Reste le scénario, qui n’a rien d’extraordinaire. Cependant, on pourrait s’autoriser à laisser ce détail de côté. La mise en scène, le développement de ces personnages – on oublie ici la performance de T.J. Miller en Weasel, à l’aise dans son tenancier de bar blasé -, le choix de bande-son, et le fignolage jusqu’aux détails tels que les génériques et les petits personnages en images en synthèse, font de ce film un vrai voyage dans la mémoire malade de Deadpool. Elle n’a pas besoin d’être ordonnée – au contraire -, et son scénario ne reste jamais que proche des événements qui l’ont marqué, lui. Ainsi, peut-être bien que ce film offre au spectateur une complémentarité du « méta » dont Deadpool est capable – évoqué en début d’article : il peut  nous voir, nous parler, mais de notre côté, nous sommes autorisés à faire un tour dans ses souvenirs, filmés depuis sa perception personnelle. Ce qui expliquerait le côté décousu de la chronologie : bond dans le temps  en accéléré dès l’intro – qui paradoxalement est tournée au ralenti -, flash-back, retour au début, re-flash-back…Ce désordre temporel porte la griffe de Deadpool, et c’est en suivant son rythme que l’histoire nous sera racontée.

Deadpool n’a rien en commun avec la trilogie Nolan consacrée à Batman.

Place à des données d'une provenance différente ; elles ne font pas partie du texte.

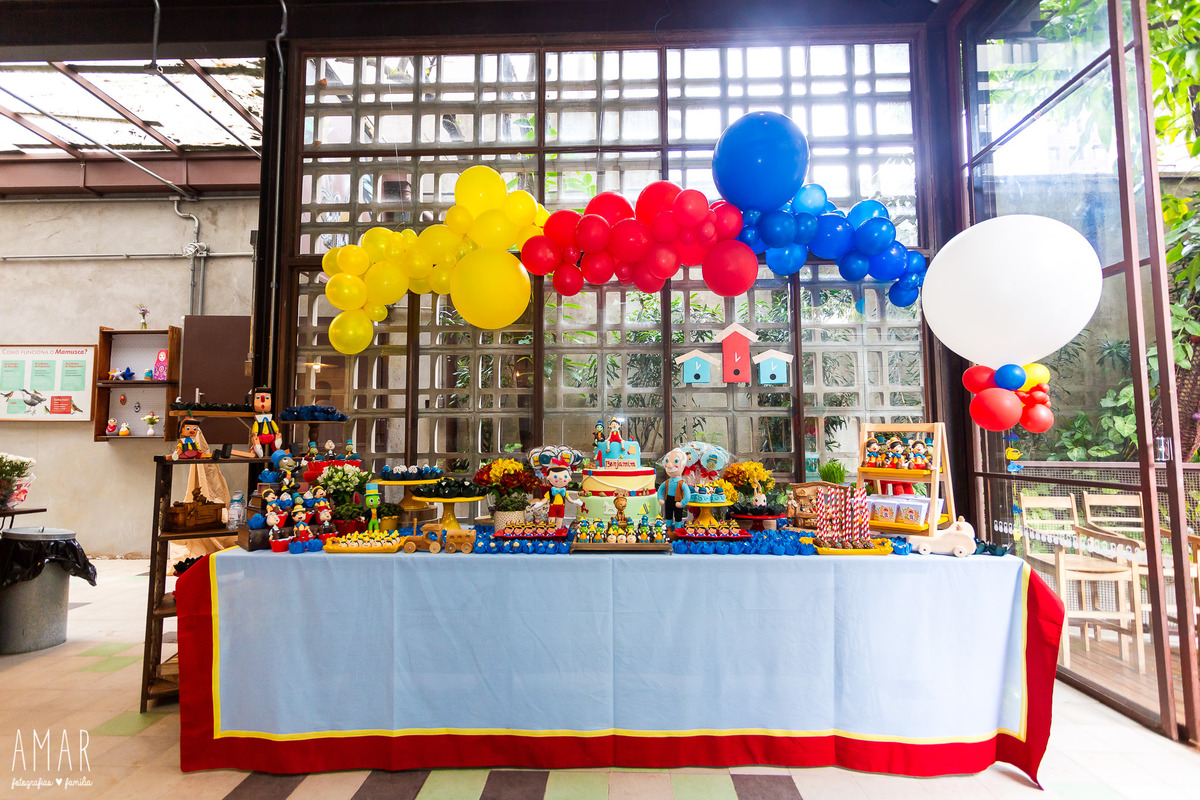 Que tema mais especial para a festa de aniversário do Benjamim: Pinocchio! O Mamusca é um espaço lindo, sem eletrônicos, com música e muitas atividades para a criançada. Assim foi o primeiro aniversário desse bebê fofura, cheio de simpatia.

Rien en commun non plus avec la quête du Professeur Xavier vers l’acceptation de son pouvoir dans X-Men: days of future past (2014). Mais après l’engouement passé pour le Chevalier Noir, et sa réflexion philosophique sur la définition du héros, peut-être que Deadpool amène la deuxième partie de la dissertation. Etre un héros, ce n’est pas forcément récolter les lauriers de la gloire, c’est parfois accepter de souffrir pour les autres, voire d’être condamné à la place d’autrui. On le sait, depuis Batman, depuis X-Men. Mais peut-être bien aussi qu’être un antihéros, c’est permettre une autre forme d’héroïsme. Un héroïsme qui ne serait pas exemplaire, pas rutilant, et pas nécessairement moral. Un héroïsme indigne, rigolard et violent, que Deadpool porte avec autant de classe que son intégrale moulante.